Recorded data
Segment Open
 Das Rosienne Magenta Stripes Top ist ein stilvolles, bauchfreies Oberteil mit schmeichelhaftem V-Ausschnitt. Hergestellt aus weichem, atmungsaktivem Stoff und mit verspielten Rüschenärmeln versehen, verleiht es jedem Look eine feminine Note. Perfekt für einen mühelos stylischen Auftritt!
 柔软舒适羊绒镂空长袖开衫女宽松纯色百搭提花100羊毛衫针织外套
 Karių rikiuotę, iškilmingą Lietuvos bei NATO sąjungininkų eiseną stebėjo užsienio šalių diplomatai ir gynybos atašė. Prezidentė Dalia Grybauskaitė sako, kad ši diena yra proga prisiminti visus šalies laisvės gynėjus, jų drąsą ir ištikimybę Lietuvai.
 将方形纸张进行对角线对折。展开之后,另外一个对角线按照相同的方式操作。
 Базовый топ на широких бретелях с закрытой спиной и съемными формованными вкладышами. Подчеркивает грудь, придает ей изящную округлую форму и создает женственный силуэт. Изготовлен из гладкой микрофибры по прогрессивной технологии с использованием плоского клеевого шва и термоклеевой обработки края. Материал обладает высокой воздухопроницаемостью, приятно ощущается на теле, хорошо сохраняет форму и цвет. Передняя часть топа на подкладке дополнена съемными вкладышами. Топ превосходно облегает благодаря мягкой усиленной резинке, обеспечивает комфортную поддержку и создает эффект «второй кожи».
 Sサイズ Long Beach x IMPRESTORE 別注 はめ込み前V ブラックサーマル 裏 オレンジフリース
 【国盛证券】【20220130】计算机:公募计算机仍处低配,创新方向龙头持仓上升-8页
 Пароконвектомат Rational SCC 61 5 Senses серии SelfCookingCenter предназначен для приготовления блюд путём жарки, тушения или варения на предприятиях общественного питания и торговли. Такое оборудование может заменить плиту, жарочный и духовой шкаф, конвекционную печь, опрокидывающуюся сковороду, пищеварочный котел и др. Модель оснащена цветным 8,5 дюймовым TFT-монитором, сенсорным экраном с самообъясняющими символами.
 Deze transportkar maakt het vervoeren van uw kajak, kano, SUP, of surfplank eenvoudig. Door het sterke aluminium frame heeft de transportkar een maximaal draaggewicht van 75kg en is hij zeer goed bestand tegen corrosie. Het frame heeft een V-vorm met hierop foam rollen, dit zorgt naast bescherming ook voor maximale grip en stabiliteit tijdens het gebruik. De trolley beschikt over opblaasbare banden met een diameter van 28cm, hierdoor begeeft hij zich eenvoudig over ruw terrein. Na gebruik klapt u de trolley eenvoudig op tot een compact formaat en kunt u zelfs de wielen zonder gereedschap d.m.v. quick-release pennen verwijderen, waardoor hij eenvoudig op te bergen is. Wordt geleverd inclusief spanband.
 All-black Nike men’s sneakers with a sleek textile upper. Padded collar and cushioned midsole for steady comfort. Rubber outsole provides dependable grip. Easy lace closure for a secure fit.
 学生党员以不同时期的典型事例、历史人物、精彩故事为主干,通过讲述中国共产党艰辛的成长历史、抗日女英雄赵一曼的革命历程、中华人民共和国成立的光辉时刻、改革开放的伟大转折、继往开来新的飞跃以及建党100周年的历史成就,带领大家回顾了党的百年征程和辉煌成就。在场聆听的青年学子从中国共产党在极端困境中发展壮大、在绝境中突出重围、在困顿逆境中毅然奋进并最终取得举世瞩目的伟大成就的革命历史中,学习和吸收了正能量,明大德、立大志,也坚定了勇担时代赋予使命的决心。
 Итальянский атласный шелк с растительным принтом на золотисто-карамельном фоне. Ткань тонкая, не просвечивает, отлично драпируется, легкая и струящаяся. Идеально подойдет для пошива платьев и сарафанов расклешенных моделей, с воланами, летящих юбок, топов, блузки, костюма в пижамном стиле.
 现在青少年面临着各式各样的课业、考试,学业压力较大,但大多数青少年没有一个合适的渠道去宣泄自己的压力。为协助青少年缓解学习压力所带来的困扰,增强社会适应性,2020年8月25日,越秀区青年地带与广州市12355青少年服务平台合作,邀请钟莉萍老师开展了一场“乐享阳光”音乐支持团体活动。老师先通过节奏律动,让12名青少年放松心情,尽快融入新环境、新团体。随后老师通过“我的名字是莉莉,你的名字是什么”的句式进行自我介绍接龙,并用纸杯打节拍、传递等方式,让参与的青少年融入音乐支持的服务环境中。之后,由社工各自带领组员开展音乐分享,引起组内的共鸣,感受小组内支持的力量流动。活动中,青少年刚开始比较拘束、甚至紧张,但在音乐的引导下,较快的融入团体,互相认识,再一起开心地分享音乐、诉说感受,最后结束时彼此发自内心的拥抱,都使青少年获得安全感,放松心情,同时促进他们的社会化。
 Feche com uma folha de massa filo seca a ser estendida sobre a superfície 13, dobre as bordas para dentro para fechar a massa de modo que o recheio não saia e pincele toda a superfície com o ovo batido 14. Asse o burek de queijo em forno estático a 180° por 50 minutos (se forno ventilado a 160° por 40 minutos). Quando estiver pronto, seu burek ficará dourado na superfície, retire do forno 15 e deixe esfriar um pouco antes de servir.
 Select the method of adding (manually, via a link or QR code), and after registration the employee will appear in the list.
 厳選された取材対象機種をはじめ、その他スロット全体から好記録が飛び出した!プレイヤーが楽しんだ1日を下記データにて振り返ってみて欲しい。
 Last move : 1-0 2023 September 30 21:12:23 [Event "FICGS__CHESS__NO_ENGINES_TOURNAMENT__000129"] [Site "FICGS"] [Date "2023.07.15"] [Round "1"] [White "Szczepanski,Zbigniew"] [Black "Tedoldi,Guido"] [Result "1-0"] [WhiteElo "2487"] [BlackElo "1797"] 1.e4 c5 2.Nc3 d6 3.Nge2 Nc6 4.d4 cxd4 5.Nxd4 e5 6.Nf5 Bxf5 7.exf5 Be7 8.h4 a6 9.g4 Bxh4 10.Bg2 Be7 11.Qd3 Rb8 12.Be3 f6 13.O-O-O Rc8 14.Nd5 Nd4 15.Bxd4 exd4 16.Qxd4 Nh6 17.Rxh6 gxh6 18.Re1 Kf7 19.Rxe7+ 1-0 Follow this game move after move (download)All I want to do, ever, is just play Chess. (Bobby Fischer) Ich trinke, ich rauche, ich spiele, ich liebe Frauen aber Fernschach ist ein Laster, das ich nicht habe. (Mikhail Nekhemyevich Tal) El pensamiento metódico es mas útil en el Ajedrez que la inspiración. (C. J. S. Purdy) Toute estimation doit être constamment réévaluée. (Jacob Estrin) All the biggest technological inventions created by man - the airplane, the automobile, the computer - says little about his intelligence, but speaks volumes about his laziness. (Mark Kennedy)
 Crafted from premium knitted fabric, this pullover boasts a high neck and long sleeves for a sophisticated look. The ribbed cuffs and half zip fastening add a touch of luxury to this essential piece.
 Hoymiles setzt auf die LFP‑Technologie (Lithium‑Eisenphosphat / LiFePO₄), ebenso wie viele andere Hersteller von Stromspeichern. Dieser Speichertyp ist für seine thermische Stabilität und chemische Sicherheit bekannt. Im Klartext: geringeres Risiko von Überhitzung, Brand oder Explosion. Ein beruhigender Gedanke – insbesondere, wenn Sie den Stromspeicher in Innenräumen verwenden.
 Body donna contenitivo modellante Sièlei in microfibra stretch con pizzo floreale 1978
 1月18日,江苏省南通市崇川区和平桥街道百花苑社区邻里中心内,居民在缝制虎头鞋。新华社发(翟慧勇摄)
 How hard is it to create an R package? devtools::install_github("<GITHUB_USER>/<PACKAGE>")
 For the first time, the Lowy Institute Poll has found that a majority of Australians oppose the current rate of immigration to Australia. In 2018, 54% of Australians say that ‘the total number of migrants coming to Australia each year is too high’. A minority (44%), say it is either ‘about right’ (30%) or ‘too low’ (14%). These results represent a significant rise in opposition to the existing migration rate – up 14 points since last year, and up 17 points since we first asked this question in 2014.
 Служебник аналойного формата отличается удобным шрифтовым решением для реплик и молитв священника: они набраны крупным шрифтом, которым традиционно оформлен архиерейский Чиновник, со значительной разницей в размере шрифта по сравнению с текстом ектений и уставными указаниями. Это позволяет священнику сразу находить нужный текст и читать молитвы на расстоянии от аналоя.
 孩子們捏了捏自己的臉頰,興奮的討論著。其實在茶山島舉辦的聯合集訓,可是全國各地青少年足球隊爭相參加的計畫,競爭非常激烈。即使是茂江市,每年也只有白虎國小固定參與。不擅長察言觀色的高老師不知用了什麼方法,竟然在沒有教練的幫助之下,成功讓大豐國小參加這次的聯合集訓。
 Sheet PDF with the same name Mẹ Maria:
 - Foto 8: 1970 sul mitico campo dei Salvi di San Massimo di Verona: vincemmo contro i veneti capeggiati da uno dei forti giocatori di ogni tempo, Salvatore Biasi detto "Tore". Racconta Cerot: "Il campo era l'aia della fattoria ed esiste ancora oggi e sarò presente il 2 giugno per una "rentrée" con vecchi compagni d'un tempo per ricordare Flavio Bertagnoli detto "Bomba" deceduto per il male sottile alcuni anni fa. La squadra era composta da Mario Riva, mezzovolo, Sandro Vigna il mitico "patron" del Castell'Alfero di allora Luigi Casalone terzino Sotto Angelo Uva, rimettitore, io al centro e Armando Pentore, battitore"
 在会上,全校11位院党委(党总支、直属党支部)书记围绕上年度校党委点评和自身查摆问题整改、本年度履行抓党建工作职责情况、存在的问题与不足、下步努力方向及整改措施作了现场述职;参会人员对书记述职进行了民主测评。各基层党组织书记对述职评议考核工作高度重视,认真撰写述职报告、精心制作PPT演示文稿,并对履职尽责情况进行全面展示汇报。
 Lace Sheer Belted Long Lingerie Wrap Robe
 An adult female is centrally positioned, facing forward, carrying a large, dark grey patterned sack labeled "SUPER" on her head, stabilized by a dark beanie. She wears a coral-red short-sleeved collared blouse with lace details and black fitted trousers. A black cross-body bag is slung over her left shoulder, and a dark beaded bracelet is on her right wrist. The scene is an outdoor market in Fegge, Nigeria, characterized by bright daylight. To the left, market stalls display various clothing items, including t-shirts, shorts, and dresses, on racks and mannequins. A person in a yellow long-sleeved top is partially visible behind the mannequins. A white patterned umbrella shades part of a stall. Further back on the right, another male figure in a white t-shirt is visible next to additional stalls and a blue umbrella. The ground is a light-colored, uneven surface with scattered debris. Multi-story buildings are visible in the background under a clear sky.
Segment Closed
◆ **TASK INSTRUCTIONS**
Which lines of the data above contain "high"? Copy each one.

◆ **ANSWER TO THIS TASK**
 Crafted from premium knitted fabric, this pullover boasts a high neck and long sleeves for a sophisticated look. The ribbed cuffs and half zip fastening add a touch of luxury to this essential piece.
 For the first time, the Lowy Institute Poll has found that a majority of Australians oppose the current rate of immigration to Australia. In 2018, 54% of Australians say that ‘the total number of migrants coming to Australia each year is too high’. A minority (44%), say it is either ‘about right’ (30%) or ‘too low’ (14%). These results represent a significant rise in opposition to the existing migration rate – up 14 points since last year, and up 17 points since we first asked this question in 2014.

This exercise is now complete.